_Work to complete_
Output nothing but the lines from the first line of the listing below through the line containing "Zee Chewz Bites", printed exactly and free of pictures.

* * * * * * *

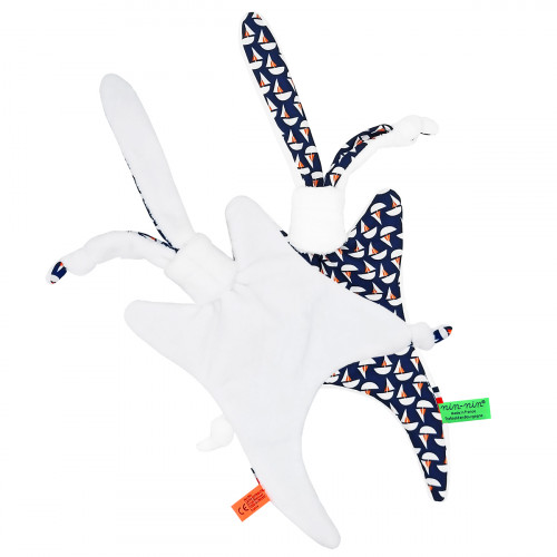 Ce doudou est composé de deux types de tissus : un côté ultra doux qui rassure et apaise et un coté coton imprimé. Ses extrémités très fines sont extrêmement faciles à prendre en main et à manipuler pour les toutes petites mains des nouveau-nés.
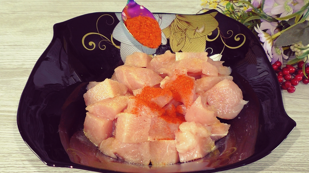 Куриное мясо следует заранее замариновать. Для этого филе необходимо посыпать солью, чесноком, паприкой и добавить растительное масло. Хорошо перемешать и оставить настойку на некоторое время.
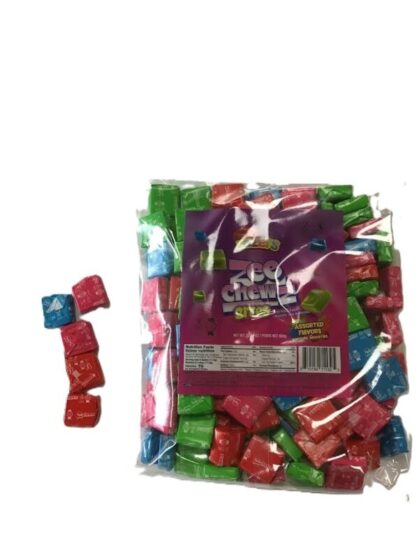 Zee Chewz Bites Assorted Flf (650gr) INGREDIENTS: SUGAR, GLUCOSE SYRUP, HYDROGENATED PALM OIL, PALM OIL, CITRIC ACID, MALIC ACID, ARTIFICIAL FLAVORS, ARTIFICIAL COLORS FD&C RED 40, FD&C YELLOW NO. 5, FD&C BLUE NO. 1, LECITHIN, AND FISH GELATIN. ALLERGEN: CONTAINS FISH.
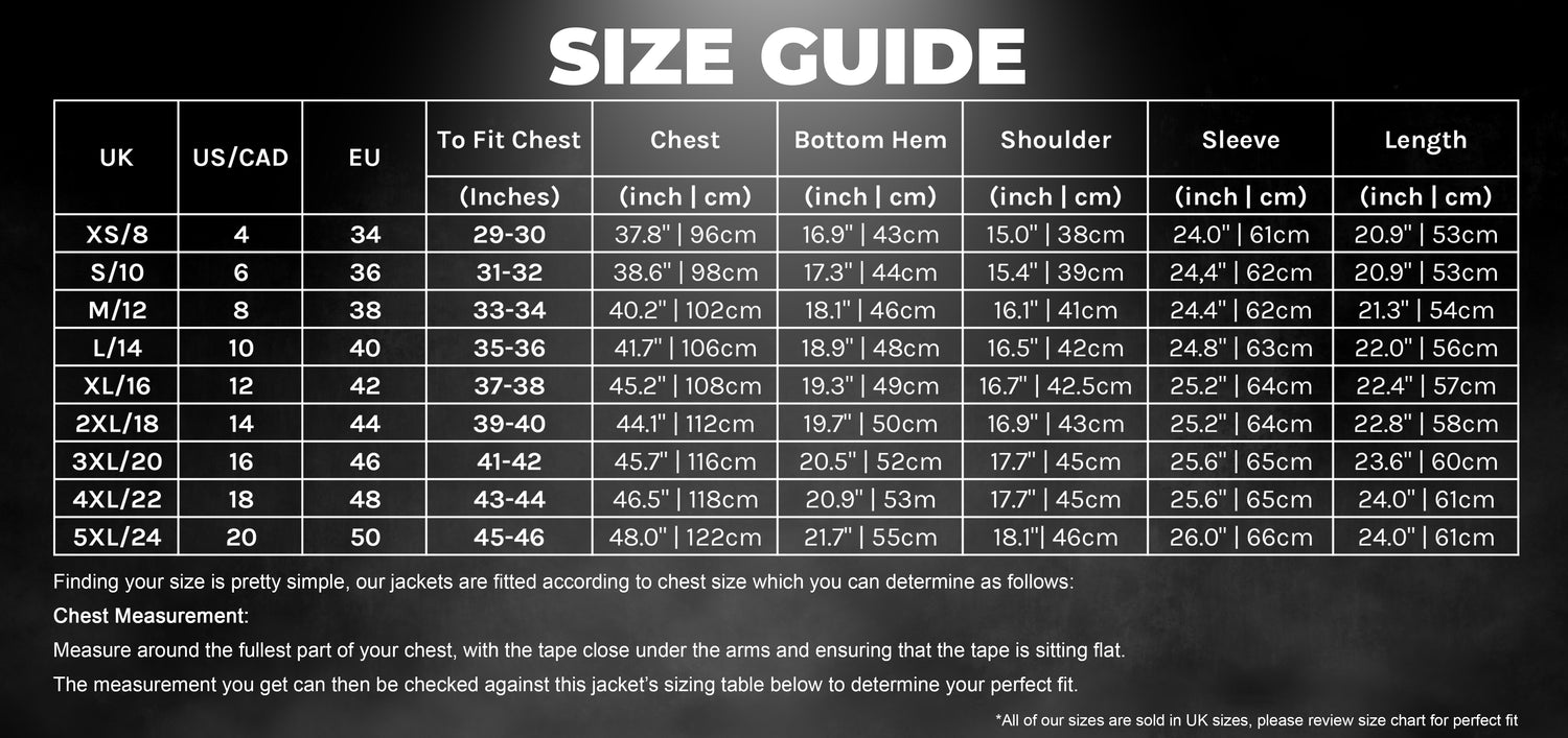 To Fit Chest | Chest | Bottom Hem | Shoulder | Sleeve | Length |
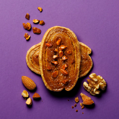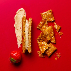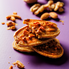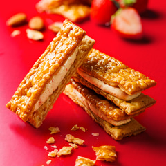 アーモンドペーストとホワイトチョコを合わせたクリームに苺顆粒を忍ばせ、フランス産小麦のパイでサンド。キャラメリゼした香ばしいパイとアーモンドのコク、苺の酸味が絶妙に組み合わさるという。

* * * * * * *

_Exercise answer_
 Ce doudou est composé de deux types de tissus : un côté ultra doux qui rassure et apaise et un coté coton imprimé. Ses extrémités très fines sont extrêmement faciles à prendre en main et à manipuler pour les toutes petites mains des nouveau-nés.
 Куриное мясо следует заранее замариновать. Для этого филе необходимо посыпать солью, чесноком, паприкой и добавить растительное масло. Хорошо перемешать и оставить настойку на некоторое время.
 Zee Chewz Bites Assorted Flf (650gr) INGREDIENTS: SUGAR, GLUCOSE SYRUP, HYDROGENATED PALM OIL, PALM OIL, CITRIC ACID, MALIC ACID, ARTIFICIAL FLAVORS, ARTIFICIAL COLORS FD&C RED 40, FD&C YELLOW NO. 5, FD&C BLUE NO. 1, LECITHIN, AND FISH GELATIN. ALLERGEN: CONTAINS FISH.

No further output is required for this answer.